Hello,
I did the ‘spark k-means’ to cluster my data, then I finished, I want to extract the data for further analysis by using ‘table to spark’. However, I got error. I checked KNIME log but cannot find the solution:
The error message said checking KNIME log, but I am still confused.
Can you help me to solve this problem? I want to see my output spark data from ‘spark k-means’ and ‘spark to table’ node.
@DerekJin do you have a workflow and some test data to reproduce this?
As already mentioned by mlauber71, Spark does not like missing values and produce sometimes cryptic errors on that. You can use the Spark Missing Value node to eliminate them.
It only includes 0 and 1 for each cell, and they are double when I checked the types of columns.

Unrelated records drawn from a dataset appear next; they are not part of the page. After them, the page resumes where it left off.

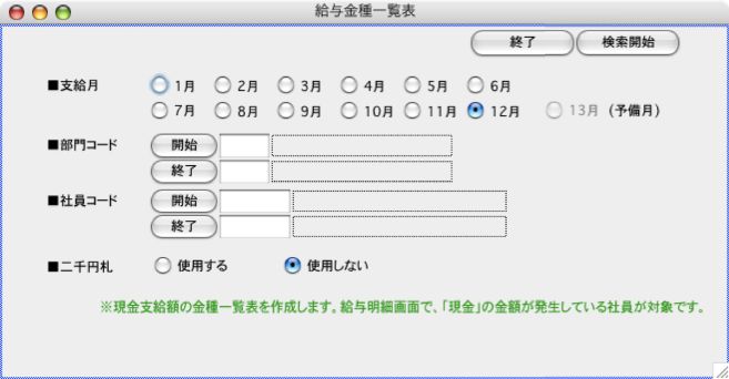 3.「給与金種一覧表」が画面に表示されます。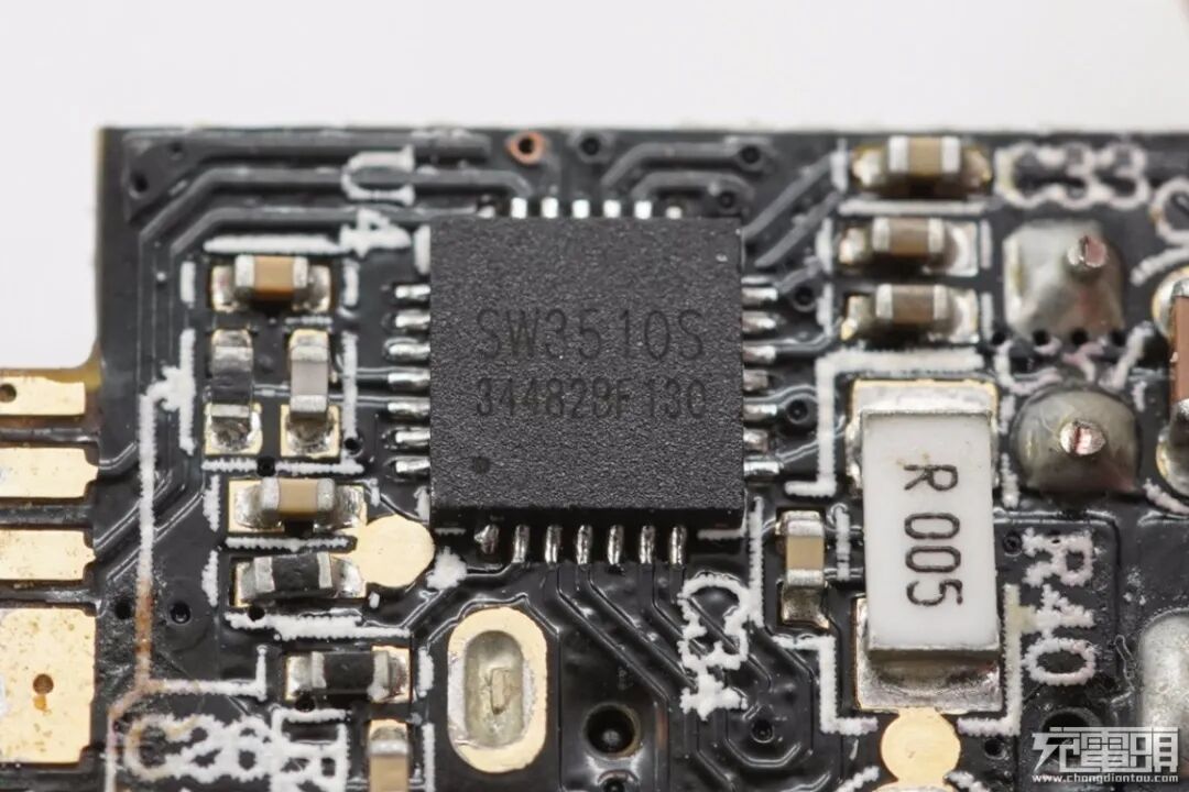 USB-C1小板背面是一颗智融SW3510,用于C1口同步整流降压和协议识别。智融SW3510是一颗内置有USB-C口识别及多种快充功能的高集成度双口充电芯片,支持A+C口任意口快充输出,支持双口独立限流。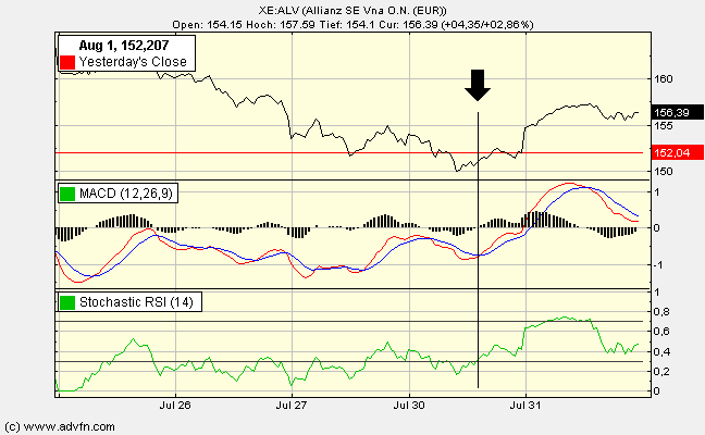 *Die Analysten der HypoVereinsbank bekräftigen ihr "buy"-Rating für die Allianz-Aktie und erhöhen das Kursziel von 195,00 Euro auf 210,00 Euro. (Analyse vom 27.07.2007)*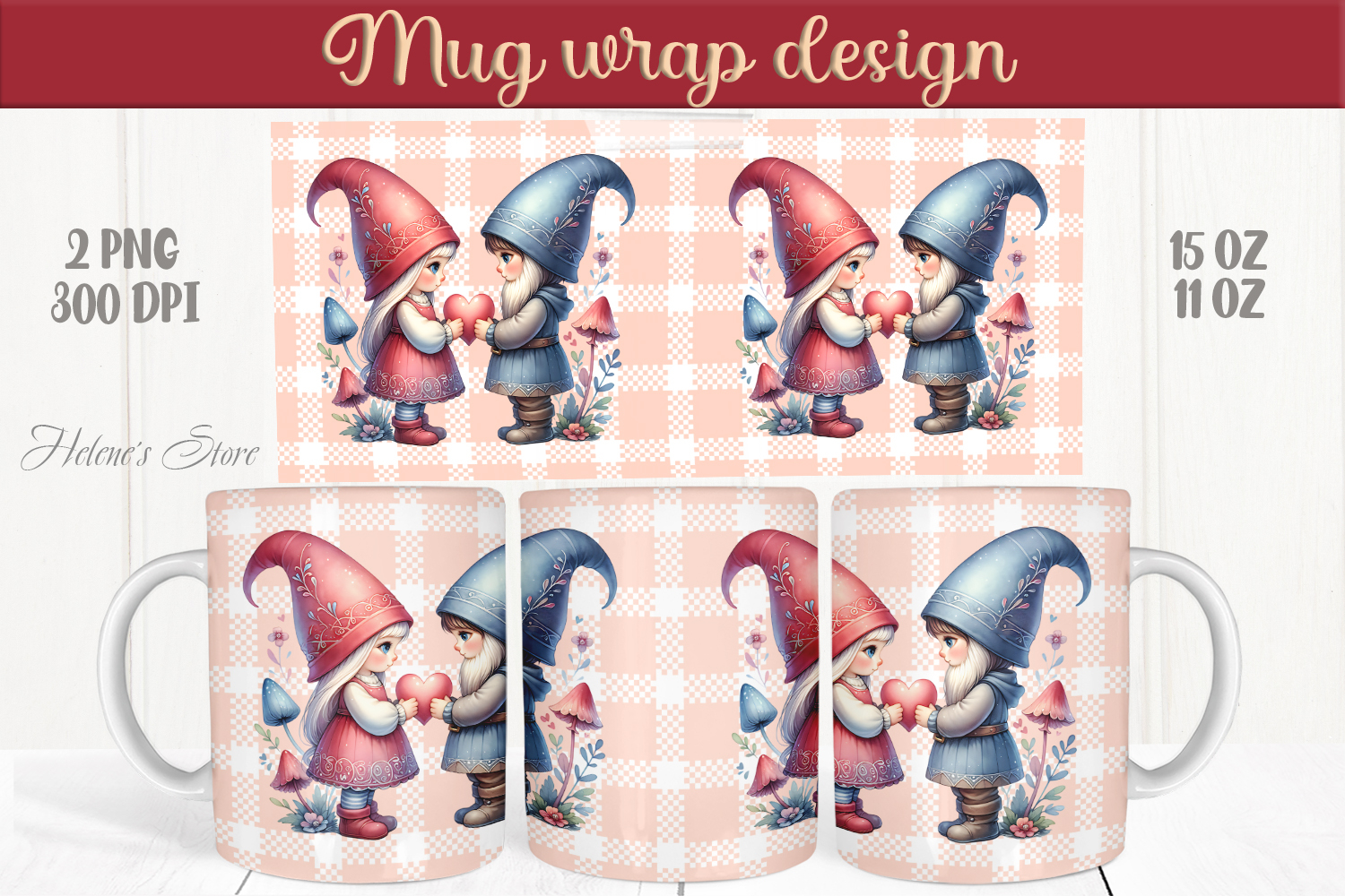 Cute gnomes with heart Mug wrap sublimation | Valentines day example image 1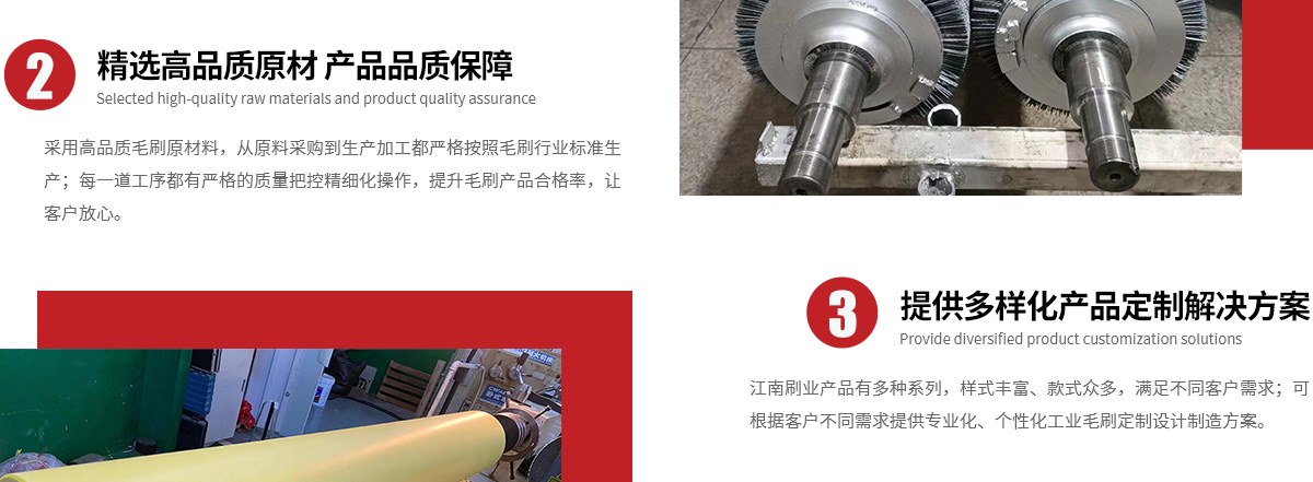 潛山江南刷業(yè)有限公司生產(chǎn)汽車(chē)噴涂鴕鳥(niǎo)毛毛刷,鋁板脫脂線輥刷,鋁板去氧化皮輥刷,淬火爐爐內(nèi)輥,無(wú)紡布擠油輥擠干輥,無(wú)紡布真空吸油輥,電加熱打孔針輥等,以及各類(lèi)涂油滾&膠輥&海綿滾&不織布輥、密封刷&鋼刷式密封、輸送帶刷式清掃器&牛體刷、鋼絲刷條&鋼絲板刷、PVC毛刷板&尼龍毛刷條、打孔鋁針輥&打孔銅針輥、圓形滾刷毛刷輥系列、圓形鋼刷&鋼絲刷輥、拋光毛刺磨料刷、試管刷&管道刷等各類(lèi)刷制品。江南刷業(yè)注重...

Then my workflow is also simple like this:
the data can be read from ‘table to spark’, then I did spark k -means, it was also executable. But I got such an error when I tried to see the output from spark k -means.
i can’t reproduce this. Running local Spark with K-Means on a double table with 0 and 1 values works as expected (see attached workflow). Can you share more details about your setup? What Spark version you are running? How does the input data looks like, can you attach the data (with renamed column names if required)?
Hi sascha,
I am sorry to applying this message very late. I find my input dataset includes string, so I fix this problem. After I filter the string in the input matrix, I still get error about outofbound exception. My input matrx has 8030 columns, and the error is 8029 (ArrayIndexOutOfBoundsException) when I tried to get the output view from spark k-means. And I cannot use spark to table node after spark k means node(with same error).
Here is the sample data I used in my workflow. data.zip (247.3 KB)
looks like the Spark K-Means node has trouble with tables containing a column called cluster. As a workaround you can use a Spark column filter or Spark column rename node in front to remove or rename the cluster column before the Spark K-Means node. Thanks for reporting this.